From the line that contains "Mining Pressure Gauge" down to the last line of the entries, please return everything exactly, except the pictures.
------------------------------------
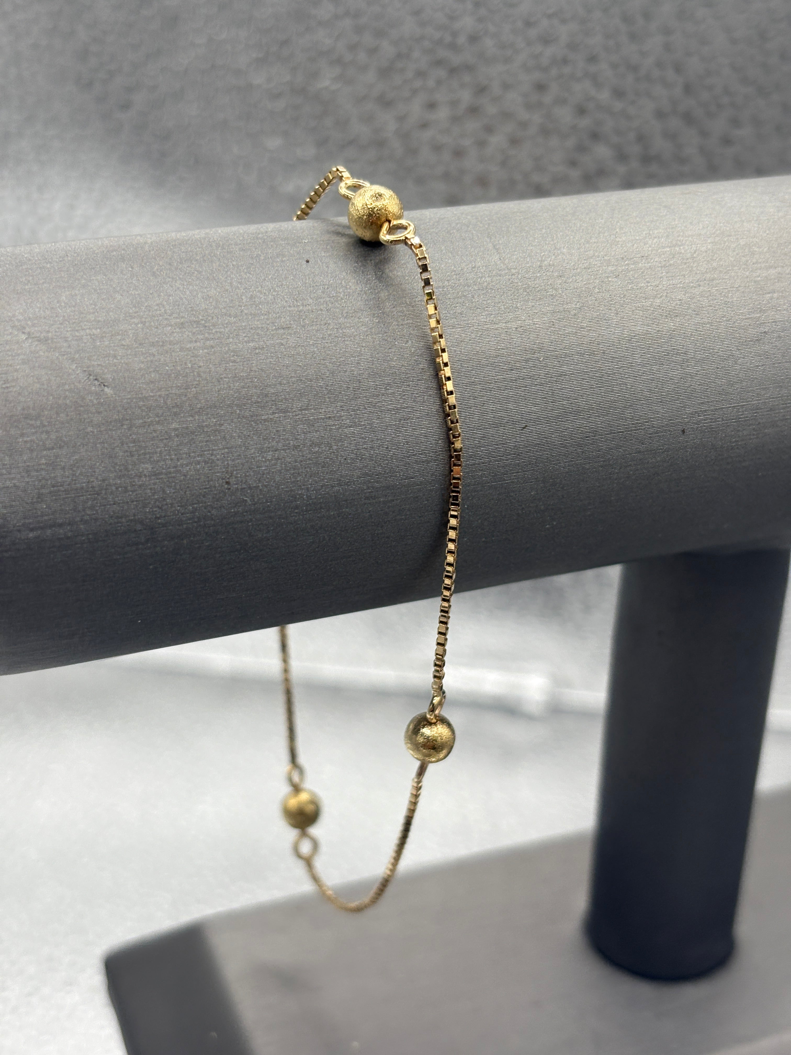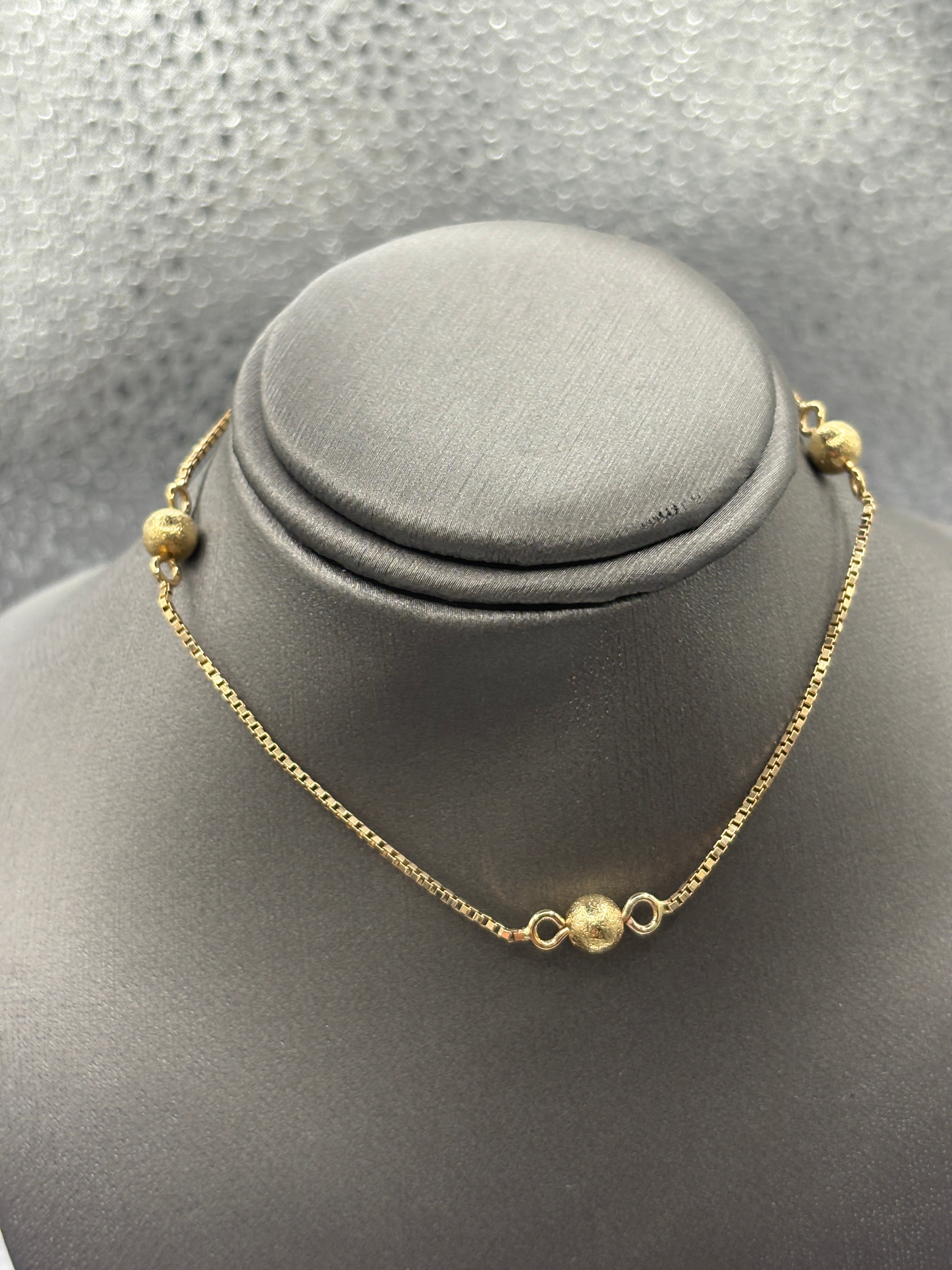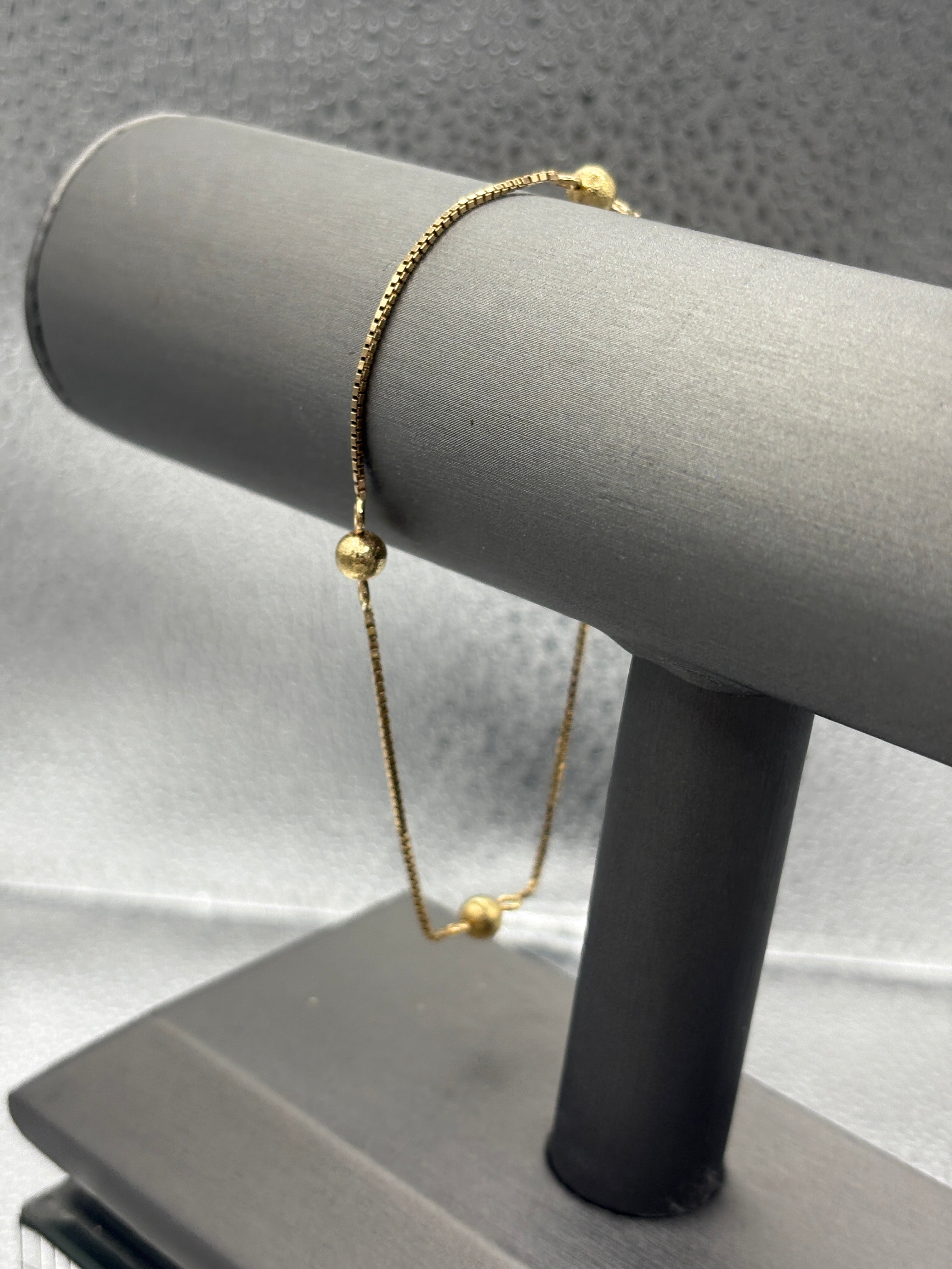 14 Karat Yellow Gold Ladies Box & Ball Link Ankle Bracelet
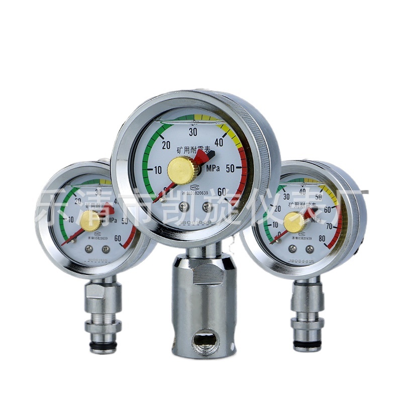 Mining Pressure Gauge Dual-Needle Shockproof (60mm Diameter, 80MPa) for Underground Coal Mining
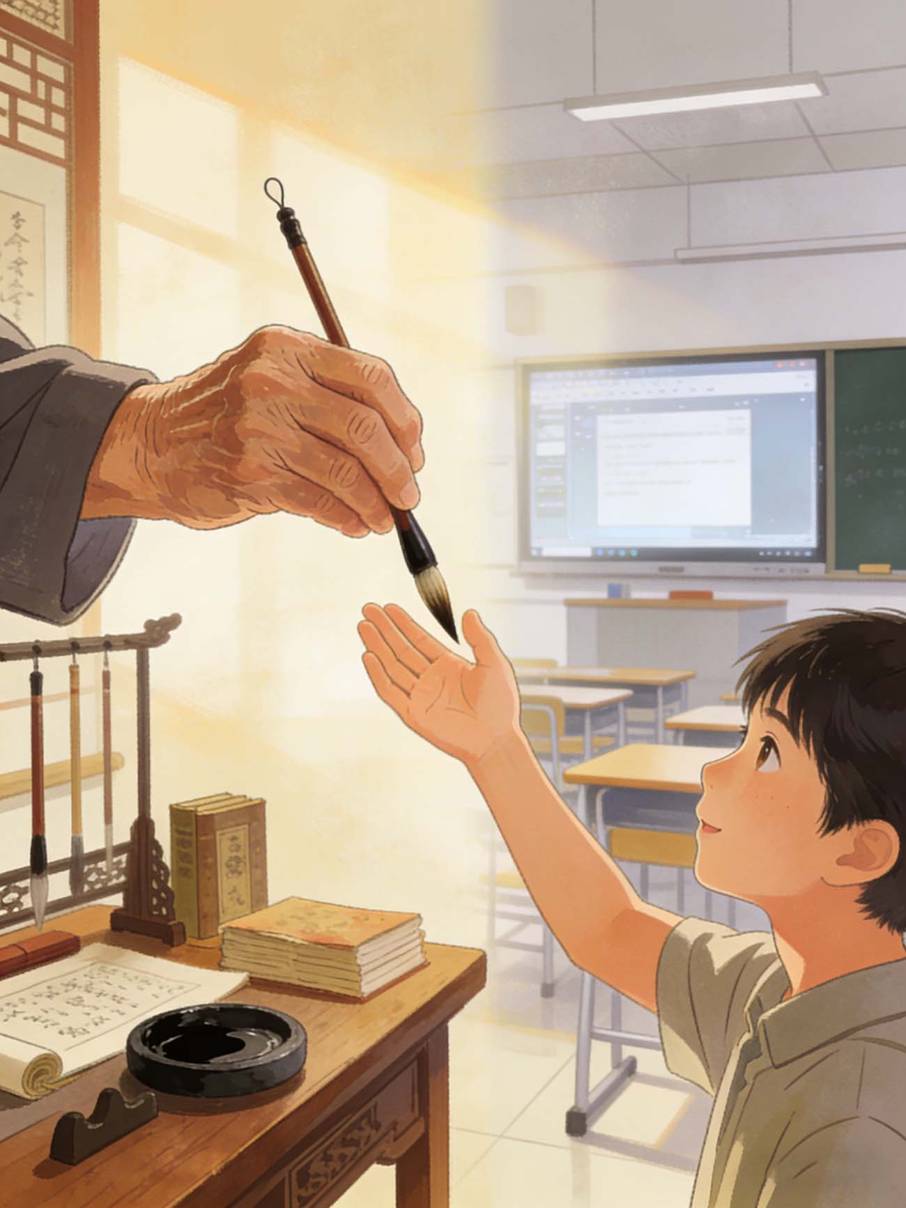 [插图提示词:左侧展示王羲之《兰亭序》的局部放大图,突出“飞白”笔法的细节;右侧展示黄公望《富春山居图》的局部,突出“披麻皴”的线条质感。中间用一条流动的水墨线条将二者连接,象征书画线条的共通性。]
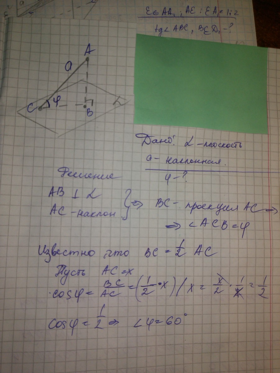 Под углом φ к плоскости α проведена наклонная. Найдите φ, если известно, что проекция наклонной вдвое меньше самой наклонной.
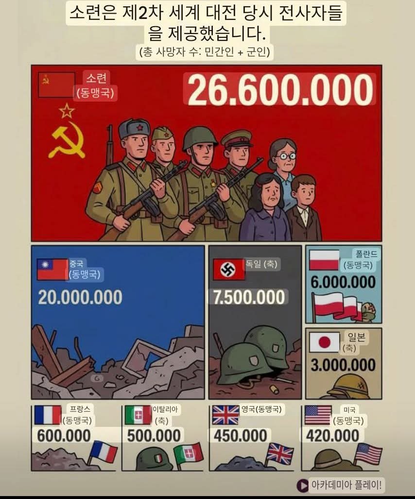 2차 세계대전 주요 참전국들의 사상자 수
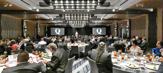 Los Angeles, CA – A full crowd of construction industry professionals attended this year’s Q Award presentation to Korean Air for its development of the Wilshire Grand Center. The Alliance for Quality Construction’s selection has redefined Los Angeles’s skyline. The Wilshire Grand Center’s tower pinnacle is hard to miss with a glass covered sail and a 175-foot steel spire to claim it as LA’s newest and tallest skyscraper at 1,100 feet.
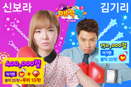 ... 총 3단계로 구성된 미션을 진행하면 다양한 게임아이템을 지급받을 수 있다. 퍼즐게임 ‘매직팡 for Kakao’에서는 ‘신보라와 김기리를 이겨라’ 이벤트를 진행한다. 혼자하기 모드를 통해 김기리와 신보라의 점수인 15만점, 40만점을 돌파한 이용자에게는 루비 10개가 제공
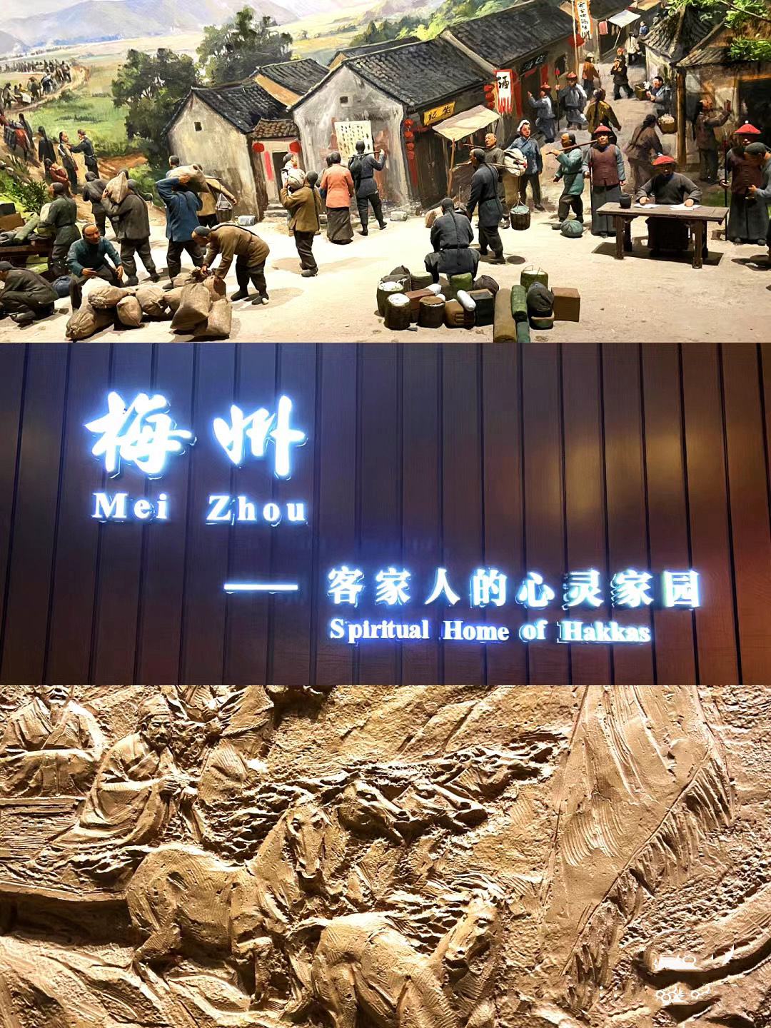 13:30左右参观中国客家博物馆,是中国首家全面展示客家民系文化渊源与发展,系统收藏、整理、研究、展示客家历史文物与客家民俗文物的国家二级综合性博物馆。博物馆馆区占地170.3亩,建筑面积3.7万平方米,由主馆客家博物馆、分馆黄遵宪纪念馆、梅州市非物质文化遗产展示馆、梅州华侨馆、梅州大学校长馆、梅州将军馆、梅州名人廉吏馆、客家匾额馆以及《客家文博》杂志社组成
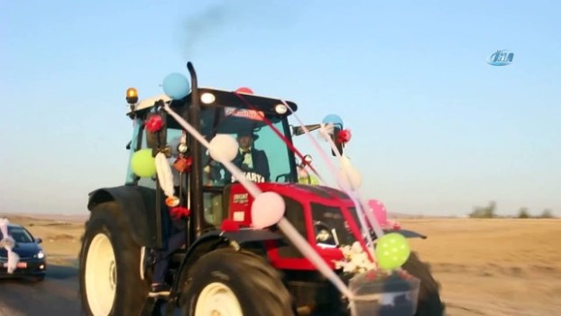 Hafta sonu dünya evine giren çiftin gelin arabası da, evlilik teklifinde kullanılan traktör oldu. Damat Yasin Irmak, gelin almaya traktörle giderken, gelin Ebru Kara ise geri dönüşte traktörü kullandı. Çiftin en mutlu gününde yakınları da yanlarında bulundu.
------------------------------------
TASK ANSWER -
 Mining Pressure Gauge Dual-Needle Shockproof (60mm Diameter, 80MPa) for Underground Coal Mining
 [插图提示词:左侧展示王羲之《兰亭序》的局部放大图,突出“飞白”笔法的细节;右侧展示黄公望《富春山居图》的局部,突出“披麻皴”的线条质感。中间用一条流动的水墨线条将二者连接,象征书画线条的共通性。]
 Под углом φ к плоскости α проведена наклонная. Найдите φ, если известно, что проекция наклонной вдвое меньше самой наклонной.
 2차 세계대전 주요 참전국들의 사상자 수
 Los Angeles, CA – A full crowd of construction industry professionals attended this year’s Q Award presentation to Korean Air for its development of the Wilshire Grand Center. The Alliance for Quality Construction’s selection has redefined Los Angeles’s skyline. The Wilshire Grand Center’s tower pinnacle is hard to miss with a glass covered sail and a 175-foot steel spire to claim it as LA’s newest and tallest skyscraper at 1,100 feet.
 ... 총 3단계로 구성된 미션을 진행하면 다양한 게임아이템을 지급받을 수 있다. 퍼즐게임 ‘매직팡 for Kakao’에서는 ‘신보라와 김기리를 이겨라’ 이벤트를 진행한다. 혼자하기 모드를 통해 김기리와 신보라의 점수인 15만점, 40만점을 돌파한 이용자에게는 루비 10개가 제공
 13:30左右参观中国客家博物馆,是中国首家全面展示客家民系文化渊源与发展,系统收藏、整理、研究、展示客家历史文物与客家民俗文物的国家二级综合性博物馆。博物馆馆区占地170.3亩,建筑面积3.7万平方米,由主馆客家博物馆、分馆黄遵宪纪念馆、梅州市非物质文化遗产展示馆、梅州华侨馆、梅州大学校长馆、梅州将军馆、梅州名人廉吏馆、客家匾额馆以及《客家文博》杂志社组成
 Hafta sonu dünya evine giren çiftin gelin arabası da, evlilik teklifinde kullanılan traktör oldu. Damat Yasin Irmak, gelin almaya traktörle giderken, gelin Ebru Kara ise geri dönüşte traktörü kullandı. Çiftin en mutlu gününde yakınları da yanlarında bulundu.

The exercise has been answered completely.